The REAL Reason People Don’t Start Businesses
According to a USA Today poll 25% of the American workforce plan to leave their current jobs and start a business of their own. That’s their plan, yet many will never follow through. Here’s why, our brains are better suited to stalking wild prey than to opening up a business. David Laibson and Robert J. Goldman Professor of Economics at Harvard, did some research and came up with an interesting finding: Our minds tend to discount future benefits by about half, while giving full value to immediate gratification.
As an example, suppose you were offered a free 15 minute massage right now or a free 20 minute massage 2 days from now. Laibson’s research suggests that most people will opt for the immediate massage.
You can frame each offer numerically: The immediate massage would equal x and the future massage would equal x/2. So, the decision would be framed as 15 vs. 20/2; that is, our mental accounting give the immediate massage a “value” of 15 and the future massage a “value” of 10.

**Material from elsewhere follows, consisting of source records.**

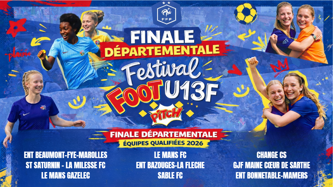 La finale départementale du Festival Foot U13G et U13F Pitch se déroulera à Coulaines le samedi 28 mars 2026.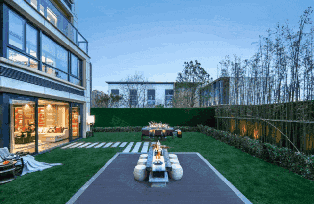 项目打造了南北双酒店式入户大堂,金属质感的造型景墙,配上璀璨的氛围灯,小区中轴曲水流觞,归家仪式感十足。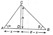 `:. d=h[(cot alpha cot beta-1)/(cot (alpha+beta))]` [from Eq. (iii)]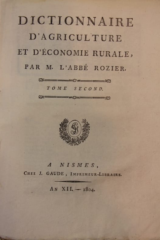 Paris, rue et hôtel Serpente [Cuchet] (t. I-IX), Delalain fils (t. X) 1801 10 volumes in-4, demi-basane marbrée, dos à nerfs, armoiries dorées en queue, tranches rouges Reliure de l'époque. Texte sur deux colonnes, frontispice & 240 planches hors-texte, 17 dépliantes, tableaux hors-texte. Quelques rousseurs, frottements et petits défauts d'usage. On joint deux volumes, du même : Cours complet d'agriculture... Tome XIe [sans le XIIe] Paris, Marchant, 1805. In-4, broché, couverture muette d’attente - Dictionnaire d'agriculture et d'économie rurale. Tome second [sans le I er] Nîmes, Gaude, 1804. In-4, broché, couverture d’attente. Humidité marginale en tête Edition originale, illustrée de nombreuses planches gravées sur cuivre par Sellier, Tardieu et Moisy, d'une carte, de tableaux dépliants et d'un portrait de l'auteur par Hulk. Exemplaire aux armes d'un contemporain, frappées au dos des huit volumes parus avant la Révolution. Le dixième tome a été publié après la mort de l'abbé Rozier ; rédigé par Chaptal, Parmentier, Biot, Thouin, Lasteyrie, etc., il est presque entièrement consacré à la vigne et au vin. Ce volume est en second tirage et sa reliure n'est pas homogène.

It is easy to see that the people who want to start a business, but don’t, would rather have the immediate gratification of watching TV than the future gratification of being their own boss.
Laibson also described how two different parts of the brain come to opposite conclusions about certain opportunities:
1. The cortex, the rational brain, weighs the future and immediate benefits equally.
2. The basal ganglia, the emotional brain, discounts altogether whatever rewards might exist in the uncertain future.
The easy way to escape this vexing mental conflict is to procrastinate, hoping the need to choose will go away. If you are planning to start a business take control of your situation and take action. If you don’t do anything different today you’ll be in the same situation tomorrow. It takes work, effort, and passing up immediate gratification to start a business.